Visible light communications: 3.75 Mbits/s data rate with a 160 kHz bandwidth organic photodetector and artificial neural network equalization [Invited]

Zabih Ghassemlooy; Paul Anthony Haigh; Francesco Arca; Sandro Francesco Tedde; Oliver Hayden; Ioannis Papakonstantinou; Sujan Rajbhandari

doi:10.1364/PRJ.1.000065

Abstract

This paper presents an experimental demonstration of a visible light communications link with an light emitting diode and a low-bandwidth organic photodetector as transmitter and receiver, respectively, that achieves sub

4 Mbits / s

speeds. An artificial neural network (ANN) equalizer is required in order to achieve such high data rates because of the influence of intersymbol interference. The digital modulation formats tested in this paper are nonreturn-to-zero on–off keying (OOK), and fourth-order pulse position modulation (4-PPM). Without equalization, data rates of 200 and

300 kbits / s

can be achieved for 4-PPM and OOK, respectively. With ANN equalization, data rates of 2.8 and

3.75 Mbits / s

can be achieved for the first time for OOK and 4-PPM, respectively.

Keywords

Optical communications Polymer active devices

1. INTRODUCTION

Visible light communications (VLC) is an area for research that is picking up focus as an alternative to radio frequency (RF) technologies because of its bifunctionality, offering data communications and solid-state lighting, not to mention the ability to transmit data rates of $3.4 Gbits / s$ ^[1], which exceeds current commercial Wi-Fi technologies. Organic photodetectors (OPDs) are of interest for optical communications systems ^[2–5] due to advantages such as the possibility to fabricate the devices on flexible substrates and to achieve effortless large active area devices by using cost-effective processing techniques such as spray coating ^[6]. So far a megabit per second data rate has not been demonstrated in a wireless medium; however reports have emerged of organic optical communications in the fiber domain ^[3]. Here we report a data rate of $3.75 Mbits / s$ using a white phosphor light emitting diode (LED) as transmitter and an OPD as receiver.

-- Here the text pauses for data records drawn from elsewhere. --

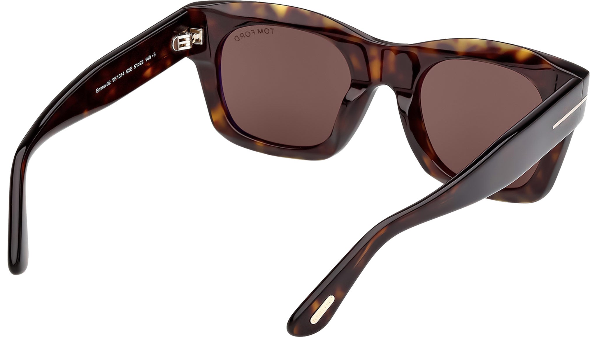 Occhiali da sole Tom Ford donna modello Emma-02 FT1314 con montatura squadrata full-rim in acetato avana scuro e lenti color marrone. Codice Brand: 1314. Codice colore: 52E. Rivenditore autorizzato Tom Ford online. Gli occhiali vengono consegnati con custodia e accessori originali e sono coperti da garanzia standard di 12 mesi del produttore.
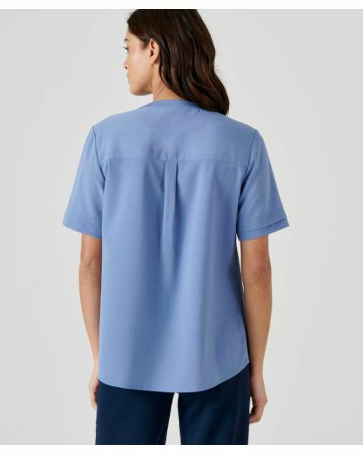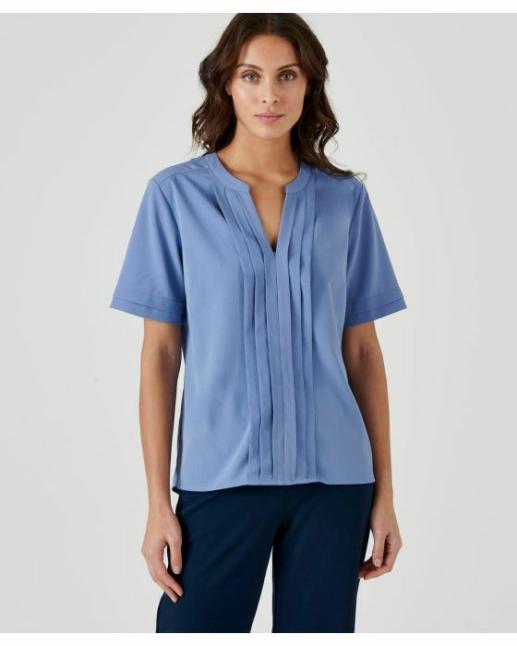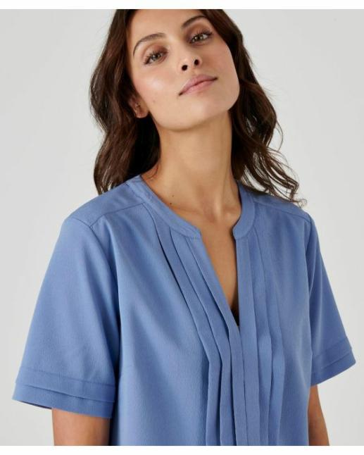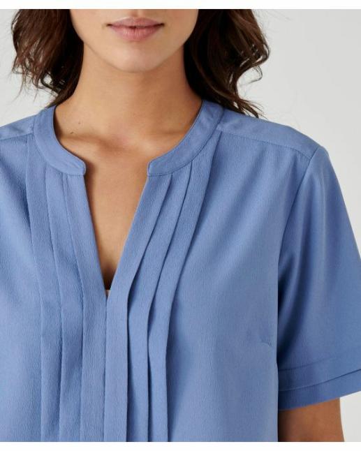 Damart Chemisiers, Tuniques | Femme Blouse À Plis Unie Manches Courtes Bleu Lavande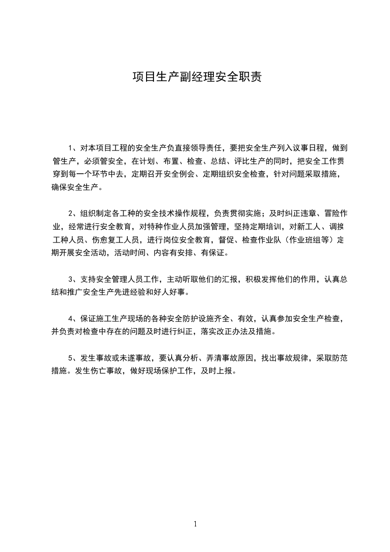 1、对本项目工程的安全生产负直接领导责任,要把安全生产列入议事日程,做到管生产,必须管安全,在计划、布置、检查、总结、评比生产的同时,把安全工作贯穿到每一个环节中去,定期召开安全例会、定期组织安全检查,针对问题采取措施,确保安全生产。

OPDs are not expected to replace Si photodiodes in the near future in optical communications because of the latter’s strong market position and wide user base. On the other hand, OPDs can be of interest for applications where Si photodiodes are not suitable and therefore are a really exciting technology for the future, also considering the significant cost reduction offered by spray coating at room temperature. Due to the low charge carrier mobility in organic semiconductors, which are orders of magnitude lower than in Si, the bandwidths (BWs) of OPDs are usually much lower than the BWs of Si devices, which is a major challenge.

The OPDs under test (produced under collaboration by Siemens AG Corporate Technology) are based on the bulk heterojunction principle ^[7]. Four diodes with $1 {cm}^{2}$ active area each are fabricated on a single $5 cm \times 5 cm$ transparent glass substrate as illustrated in Fig. 1.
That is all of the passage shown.